Give the data back exactly. Leave out any images.

THE DATA START

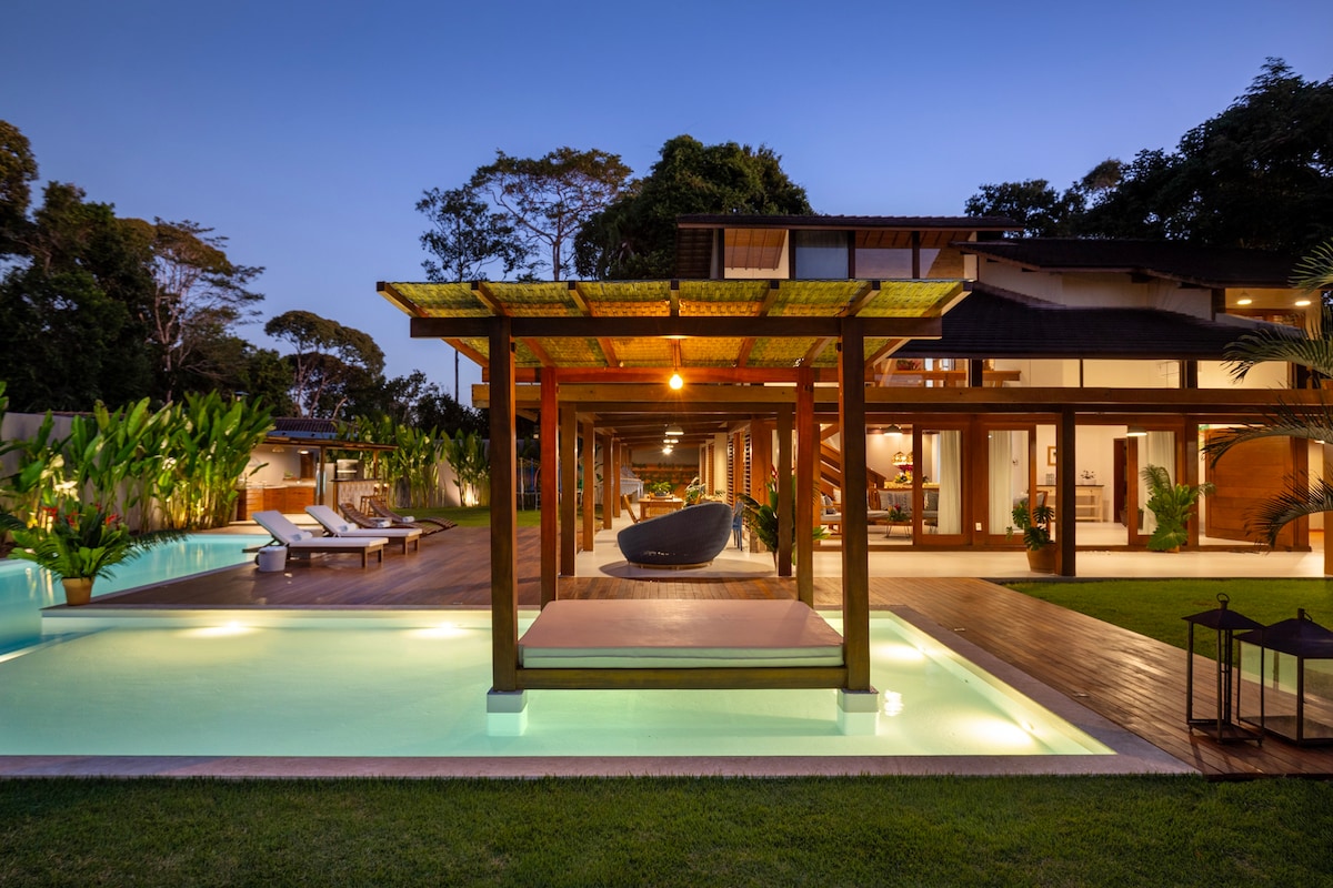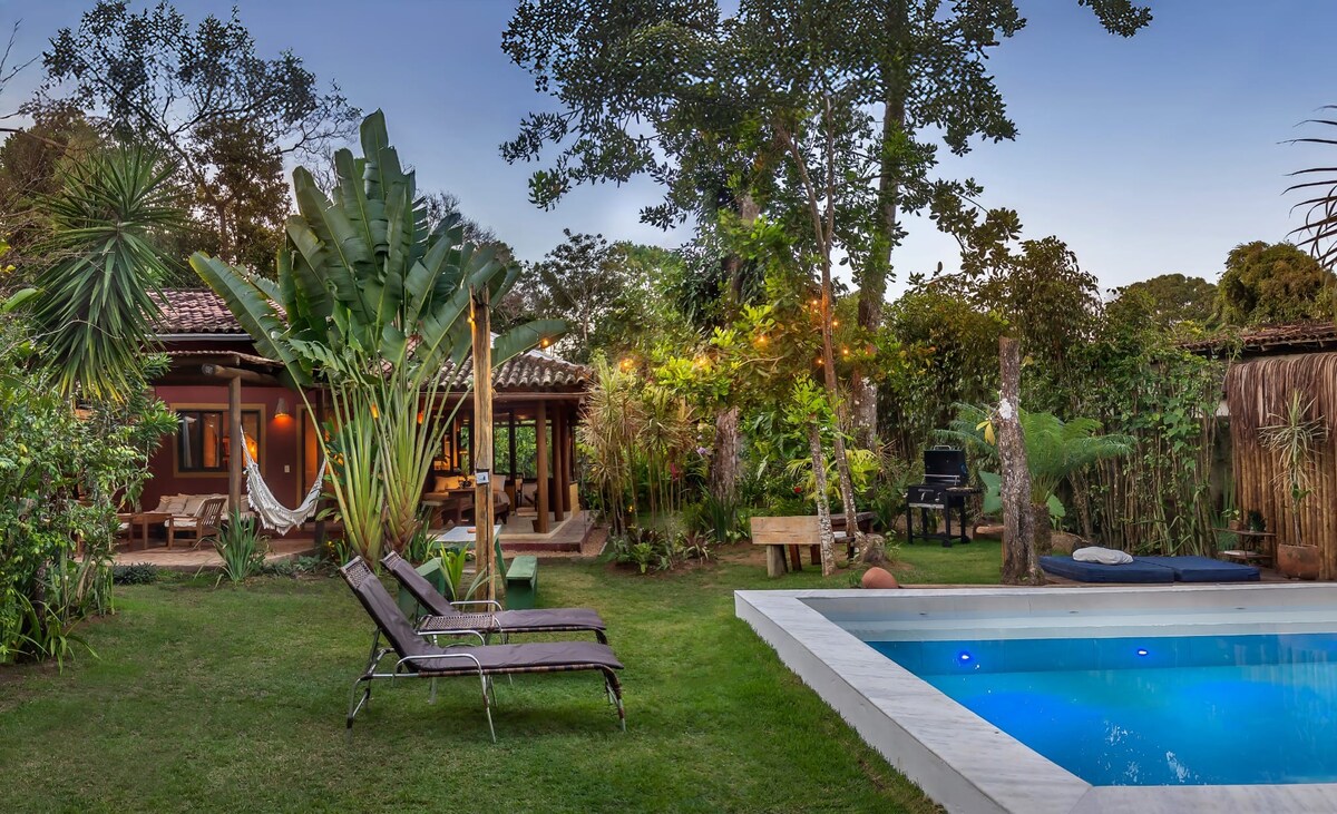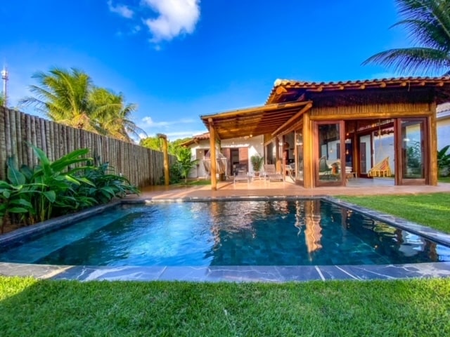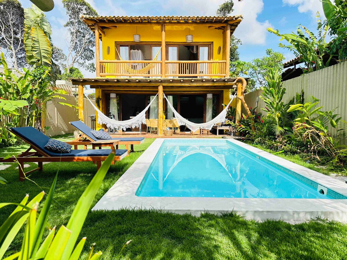 Vila Acayu er orlofsheimili sem sökkt er í náttúruna. Innblásin af sveitaleika og fegurð Trancoso og Grikklands. Með paradísarblárri laug sem er umkringd kasjúhnetutrjám og plöntum. Hér eru nokkrir krókar til að slaka á í sveitalegri og notalegri innréttingu. Hér er stórt sælkerasvæði með grilli, eldavél, svölum og stofu með snjallsjónvarpi (engar lokaðar rásir). Allar svíturnar eru með loftkælingu, tjaldhimni og frigo. Staðsett í afgirtu samfélagi við Monkey Road, 1,5 km frá hinu fræga Quadrado.
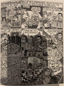I chose this comic because I thought it was funny and I related to the humor. My uncles are hunters and it reminded me of when I would visit them and watch them prepare their kills, something I was not use to as a kid. I also liked the art on this comic and the style of the characters. The word and image combinations are very funny to me: the look on the kids face at the end while the dad praises the size of the turtle especially. Likewise, how the time jumps in the last scene to the father and son in the car after the turtle meets its demise is funny. The depiction of emotions and the design of the characters were my favorite part of this comic and the scene of very funny to me even though it was somewhat dark.
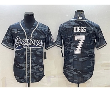 Men's Dallas Cowboys #7 Trevon Diggs Grey Camo With Patch Cool Base Stitched Baseball Jersey
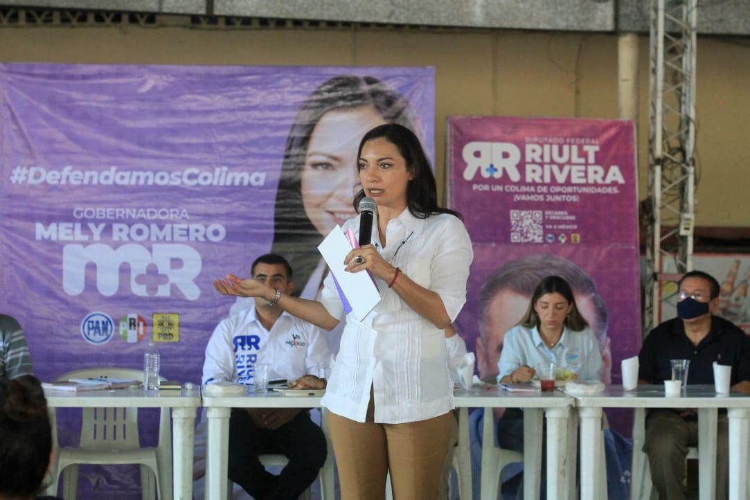Tras esa reunión, Mely Romero acompañó a la candidata a la presidencia municipal de Colima, Margarita Moreno González, durante un encuentro con vecinos de la Colonia Popular. Ahí se comprometieron a trabajar en equipo para mejorar la seguridad en los barrios y colonias de la capital.

THE DATA END

SOLUTION TO THIS EXERCISE:
 Vila Acayu er orlofsheimili sem sökkt er í náttúruna. Innblásin af sveitaleika og fegurð Trancoso og Grikklands. Með paradísarblárri laug sem er umkringd kasjúhnetutrjám og plöntum. Hér eru nokkrir krókar til að slaka á í sveitalegri og notalegri innréttingu. Hér er stórt sælkerasvæði með grilli, eldavél, svölum og stofu með snjallsjónvarpi (engar lokaðar rásir). Allar svíturnar eru með loftkælingu, tjaldhimni og frigo. Staðsett í afgirtu samfélagi við Monkey Road, 1,5 km frá hinu fræga Quadrado.
I chose this comic because I thought it was funny and I related to the humor. My uncles are hunters and it reminded me of when I would visit them and watch them prepare their kills, something I was not use to as a kid. I also liked the art on this comic and the style of the characters. The word and image combinations are very funny to me: the look on the kids face at the end while the dad praises the size of the turtle especially. Likewise, how the time jumps in the last scene to the father and son in the car after the turtle meets its demise is funny. The depiction of emotions and the design of the characters were my favorite part of this comic and the scene of very funny to me even though it was somewhat dark.
 Men's Dallas Cowboys #7 Trevon Diggs Grey Camo With Patch Cool Base Stitched Baseball Jersey
Tras esa reunión, Mely Romero acompañó a la candidata a la presidencia municipal de Colima, Margarita Moreno González, durante un encuentro con vecinos de la Colonia Popular. Ahí se comprometieron a trabajar en equipo para mejorar la seguridad en los barrios y colonias de la capital.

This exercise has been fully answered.